Huang Yong Ping baut einen Schlangenkäfig für Tatort Paderborn
Gefangen im oder vom eigenen Körper? Verwirrend in der formalen Reduzierung, gleichzeitig eindrucksvoll und ein wenig bedrohlich, so wirkt schon das Modell für den Schlangenkäfig des Künstlers Huang Yong Ping. Und das Original? Auf einer Grundfläche von 11 mal 11 Metern wird die sechs Meter hohe Skulptur – mit dem Titel „Cage“ – unübersehbar die Wiesenlandschaft des Paderquellgebiets dominieren, das an die Paderborner Fußgängerzone angrenzt.

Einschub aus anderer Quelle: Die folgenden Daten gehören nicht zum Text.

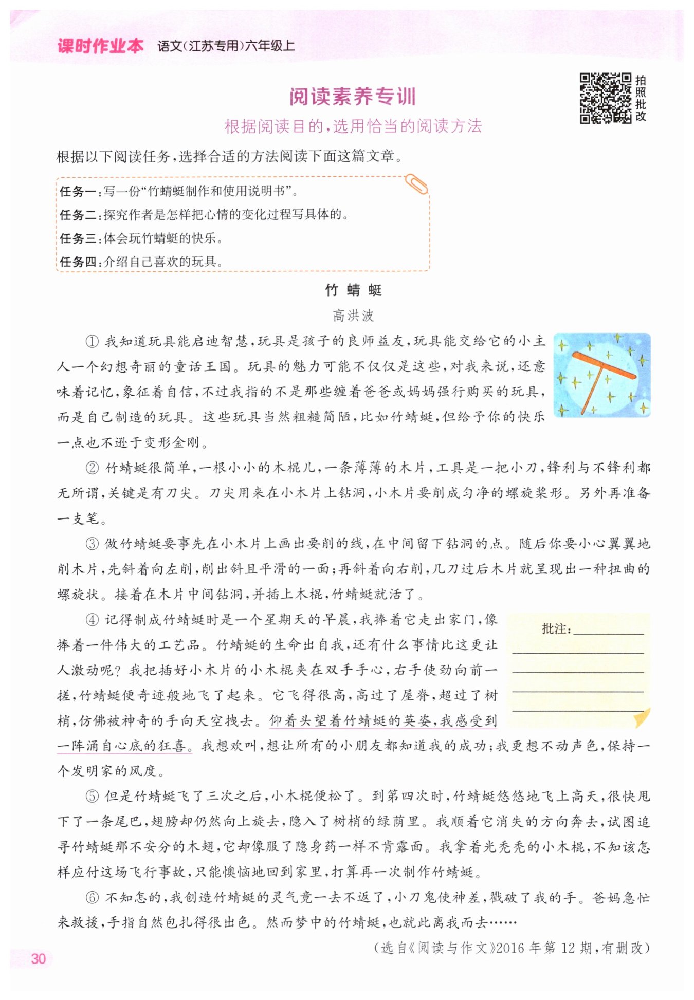 寫出了“我”對竹蜻蜓的

Eine seltsame Szenerie. Dort in der Natur, am Wasser wird die Schlange – die in ihrer Größe und Form an einen Dinosaurier erinnert – zur rätselhaften Figur, wie aus einem geheimnisvollen Mythos.

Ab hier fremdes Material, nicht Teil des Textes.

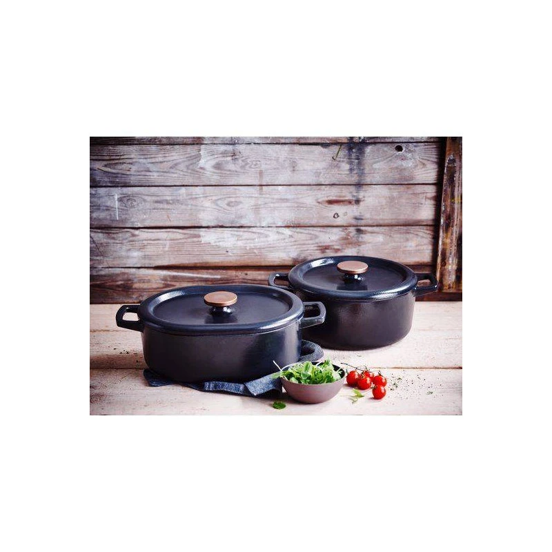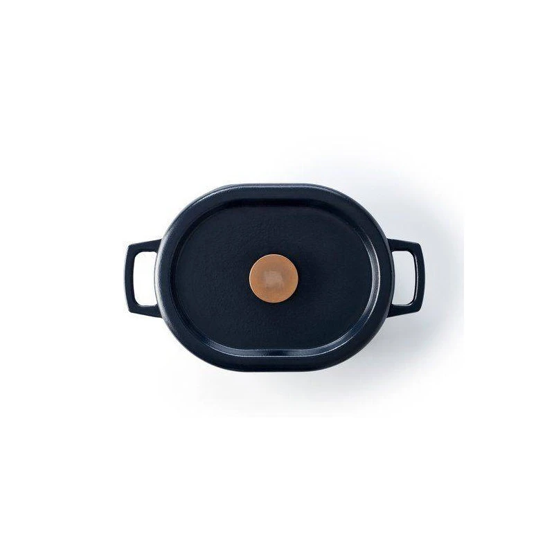 Format rectangulaire pour cette cocotte aux formes arrondies en fonte traditionnelle qui diffuse et préserve la chaleur de façon optimale.

Es war die 1861 errichtete Mariensäule auf dem Marienplatz – heute mitten in der Fußgängerzone gelegen – die Huang Yong Ping zu dieser Arbeit inspiriert hat. Die etwa 12 Meter hohe Säule trägt eine betende Marienfigur. Ihr Fuß steht auf einem schlangenähnlichen Tier, so als wolle sie es bezwingen.
In der christlichen Religion ist die Schlange eine Metapher für die Verführung Evas und den Sündenfall im Paradies. Sie ist ein Sinnbild für die moralische Schwäche des Menschen und seine Verführbarkeit. Und auch in der asiatischen Mythologie steht die Schlange für Verführung, Sünde und vor allem für Verschwendung. Huang Yong Ping verknüpft die symbolische und historische Bedeutung der Mariensäule mit sinnfälligen Assoziationen zur Shopping-Meile, als Ort des Konsums und der Verschwendung. Eine direkte, räumliche „Gegenüberstellung“ kam allerdings nicht infrage, zu wenig Platz für ein so mächtiges Wesen …
Vom Land der Mitte in die Mitte von Paderborn: Die Schlange reist in Einzelteilen per Container. Zurzeit wird „Cage“ in Huang Yong Pings Heimatland China gebaut..
Huang Yong Ping stellt in seinem Werk oft Verbindungen und Dialoge zwischen westlichen und östlichen, europäischen und asiatischen Religionen, Kulturen und Philosophien her. In den 1980er Jahren spielte er eine wichtige Rolle in der chinesischen Oppositionsbewegung: Huangs intensive Beschäftigung mit Marcel Duchamp, Joseph Beuys und John Cage führt 1986 zur Gründung der Künstlergruppe Xiamen Dada mit einer radialen, avantgardistisch-dadaistischen Zielsetzung. Die Künstler verbrannten unter anderem in öffentlichen Demonstrationen ihre eigenen Kunstwerke. Eine Ausstellungsbeteiligung 1989 in Paris und die Ereignisse auf Pekings Platz des Himmlischen Friedens im Juni des Jahres nahm Huang Yong Ping zum Anlass, nach Frankreich zu emigrieren, wo er seitdem lebt und arbeitet.